# Senior Daze



## Grumpy Ol' Man (Sep 7, 2014)

One night a nurse was making her rounds in a nursing home. While walking down the hall, she came across an open door. She looked in and saw old Frank sitting up in bed pretending to drive.
She asked "Frank, what are you doing?" He replied "I'm driving to Toronto". The nurse smiled at him and carried on making her rounds.
The next night as she walked past Frank's room she saw the same thing. Again she asked "Frank, what are you doing?" He replied "I'm driving to Toronto. It"s a two day trip, you know!" The nurse smiled at him and carried on making her rounds.
Five minutes later she came across another open door and looked in. She saw Bob pretending to have sex with someone. She asked "Bob, what are you doing?" Bob replied "I'm having sex with Frank's wife. He's gone to Toronto for a couple of days"...​


----------



## Grumpy Ol' Man (Sep 7, 2014)

A woman's husband had been slipping in and out of a coma for several months, yet she had stayed by his bedside every single day. 
One day, when he came to, he motioned for her to come nearer. 
As she sat by him, he whispered, eyes full of tears, "You know what? You have been with me all through the bad times. When I got fired, you were there to support me. When my business failed, you were there. When I got shot, you were by my side. When we lost the house, you stayed right here. When my health started failing, you were still by my side. You know what?" "What dear?" she asked gently, smiling as her heart began to fill with warmth. ”I think you're bad luck."​


----------



## Falcon (Sep 7, 2014)

I'm :lol1:  @ BOTH your jokes.


----------



## Ina (Sep 7, 2014)

Bet she made sure the old fart had life insurance! We are so funny.  :lofl:


----------



## Meanderer (Sep 7, 2014)




----------



## Grumpy Ol' Man (Sep 8, 2014)

The elderly gentleman had been having some unidentified health issues.  So, he and his wife consulted with their family doctor.  After some checking, the doctor said he needed to run some tests.  He told the gentleman he would need a urine sample and a stool sample.  To which his wife spoke up, "George, just leave him your underwear!"


----------



## Grumpy Ol' Man (Sep 8, 2014)

The elderly gentleman was visiting with the doctor at his annual physical.  The doctor asked, "George, are your bladder eliminations and bowel movements regular?"

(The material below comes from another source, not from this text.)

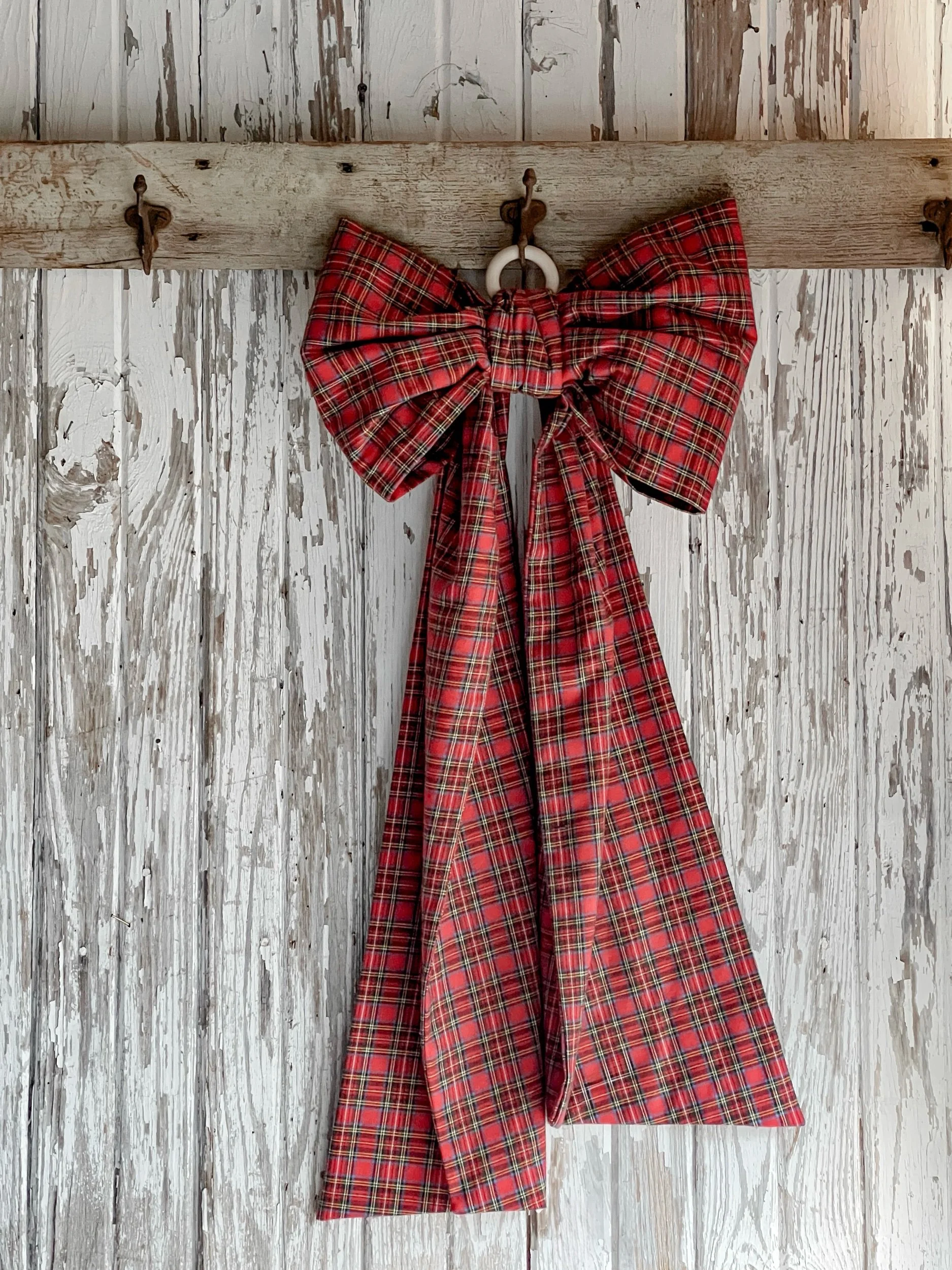 A classic tartan bow, handcrafted with generous loops and long cascading tails — the perfect statement piece for wreaths, garlands, porch greenery, or holiday cabinets.

"Doc, regular as clockwork!  My bladder empties at exactly 5 a.m. every morning.  My bowels empty at exactly 5:30 every morning."  

"George, that's awesome!"

"No it's not, Doc!  I don't wake up until 6:00!!!"


----------



## Meanderer (Sep 8, 2014)




----------



## Shirley (Sep 8, 2014)

:lol1:


----------



## Grumpy Ol' Man (Sep 9, 2014)

Little known fact.  The largest consumer of ED drugs, ******, etc. is the nursing home industry.  It's the easiest way to keep the old gents from rolling out of bed!!!


----------



## Grumpy Ol' Man (Sep 9, 2014)

The lady was standing in front of the mirror, naked, crying her eyes out.  Her husband inquired as to what was the problem.  "My body is so old.  Everything droops.  Everything's wrinkled.  My hips are to wide.  All my joints ache.  Nothing works right anymore!"  To which he replied... "Cheer up, Honey!  Your eyesight is just fine!"


----------